Las Vegas is still a top spot for inbound migration, but people have packed up and moved to other cities during the pandemic, too, such as Austin, Texas; Denver; and Boise, Idaho, according to Redfin’s Marr.

In the Austin area, 4,535 homes sold for $25,000 to nearly $100,000 above the asking price this year through May 23 — compared with 353 such sales during the same stretch last year, Redfin reported.

Plus, scanning news reports from around the country easily turns up stories of red-hot housing markets, as seen with the reports about Indiana, Minnesota and Texas.

Of course, the housing market has gone bonkers before. In the mid-2000s, thanks to gushers of easy money, property values skyrocketed in Las Vegas, people easily flipped homes, and builders packed the valley with far more housing tracts than today.

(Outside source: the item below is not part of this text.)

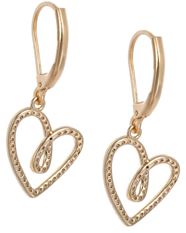 Add a romantic sparkle to your style with these 1.25 inch gold tone heart earrings, accented with cubic zirconia for a touch of shimmer. The lever back closure ensures a secure, comfortable fit, making them perfect for both everyday wear and special occasions. A sweet and elegant accessory with timeless charm.

After the bubble burst, Southern Nevada was ground zero for America’s real estate crash, marked by plunging prices, abandoned construction sites, and tidal waves of foreclosures – a mess that took years to recover from.

Today, could Las Vegas’ not-as-crazy market — at least compared with other cities — leave it in a better spot when housing eventually slows?

It’s possible. As the cliche goes, what goes up must come down — and the fall can hurt less if you’re closer to the ground.